HPLC analysis of LXP
The concentrations of LXP were determined by HPLC. The HPLC systems consisted of a pump (W2690/5; Waters Corp., Milford, MA, USA), ultraviolet detector (W2489, Waters Corp.), and a data station (Empower 3; Waters Corp.). Chromatographic separation was performed using a Kromasil 100-5-C18 column (150×4.6 mm, 5 μm; AkzoNobel, Bohus, Sweden) at a flow rate of 1 mL/min at 40°C. The mobile phase consisted of methanol, water, acetic anhydride, and trimethylamine (600:400:1:1 in volume ratio). Of each sample, 10 μL was injected into the column, and ultraviolet detection was performed at 222 nm.
Comparison of in vitro dissolution data
For comparison of dissolution profiles, model-independent analyses based on DE in the colon (DEcolon) and CRD in the colon (CRDcolon) were conducted.

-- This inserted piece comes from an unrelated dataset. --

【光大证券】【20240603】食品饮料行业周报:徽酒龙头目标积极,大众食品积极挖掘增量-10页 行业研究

The area under the dissolution curve was calculated by the trapezoidal rule, as reported elsewhere.21,22 DEcolon was defined as a percentage of area under the curve for the specified time period (from 5 hours to 24 hours) against the rectangular area, representing 100% dissolution. To observe the effect of CTNase on dissolution, DEcolon values measured in both CTNase-SCF medium and CTNase-free SCF medium were compared.

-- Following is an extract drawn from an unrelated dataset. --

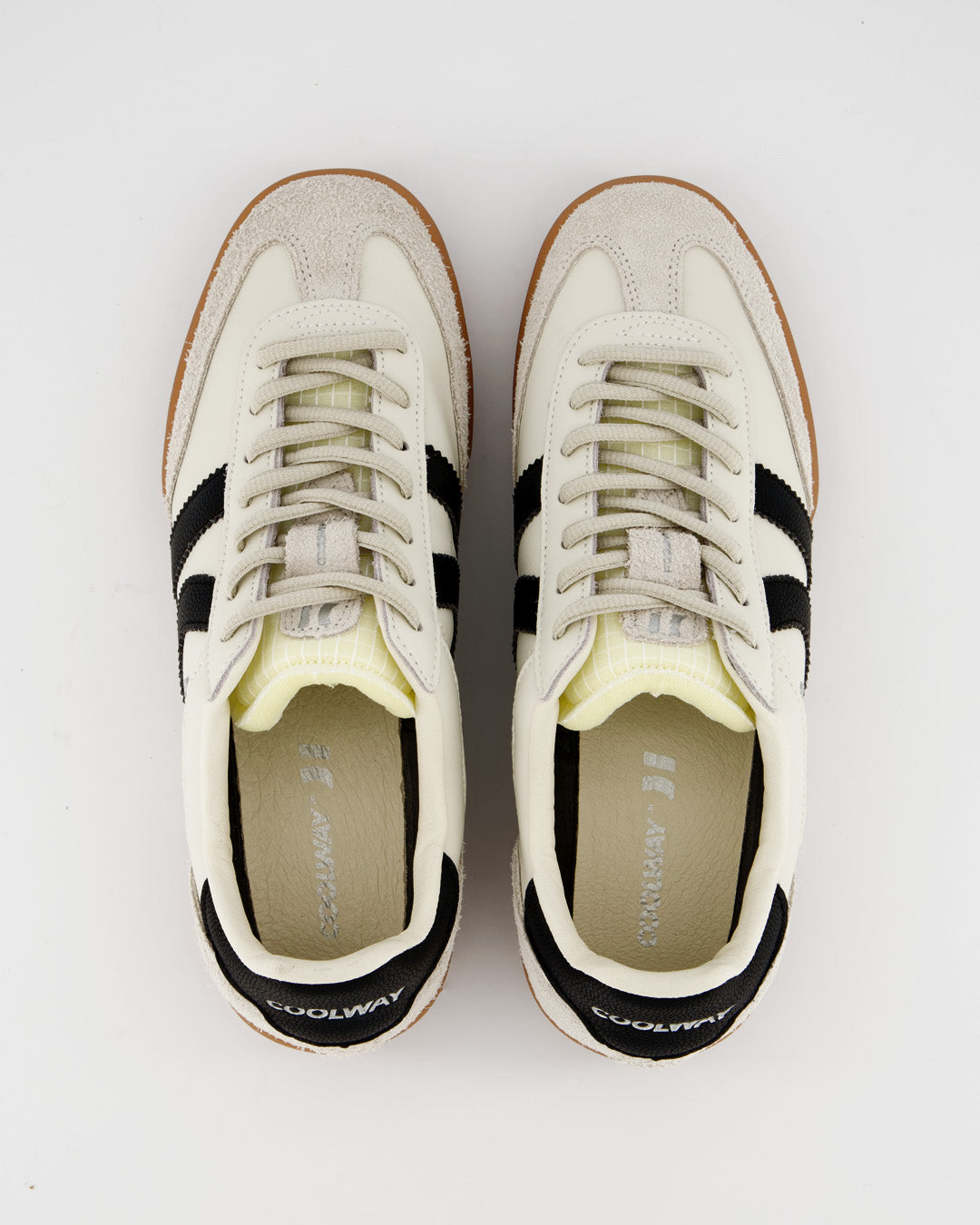 Sporty sneaker combining leather with suede and contrasting color details. Semi-transparent, foam-padded tongue with visible upper. Leather lining visible. Interchangeable two-tone oval laces. Lightly padded collar. Flexible rubber sole for durability and grip with gel inserts on the sides and back. The "GRASS" model name is embossed on the side in silver.

To compare the controlled-release property of various DL-CDDS formulations, CRD was used to evaluate time periods required to reach 90% of the cumulative amount of drug released at the terminal time point (24 hours). CRDcolon was observed and measured in CTNase-SCF medium, which simulated the colonic microflora activation.
Design of the experiments
CTN/EE subcoating was further modified with EC addition to control drug release. A two-level factorial design (2-LFD) was built up for optimizing subcoating composition using (version 15; Minitab Inc., State College, PA, USA). A typical 2-LFD is displayed in Table 2. The study design involved the investigation of the effect of two independent variables: polymer composition (X1; wt%), studied by changing the polymer ratio of EE:EC at low level (1:2) and high level (2:1), added center points (1:1), and the amount of subcoating (X2; mg), studied at 7.5, 18.75, and 30 mg. The dependent variables surveyed were DEcolon (SCF) (Y1), DEcolon (CTNase-SCF) (Y2), and CRDcolon (Y3). To analyze the factorial design, the original measurement units for the experimental factors (uncoded units) were transformed into coded units. The factor levels were coded as −1 (low), 0 (center), and 1 (high). A full 2×2 design was generated by setting the number of replicates for corner points as three and the number of center points per block as three, subsequently resulting in 15 runs in total.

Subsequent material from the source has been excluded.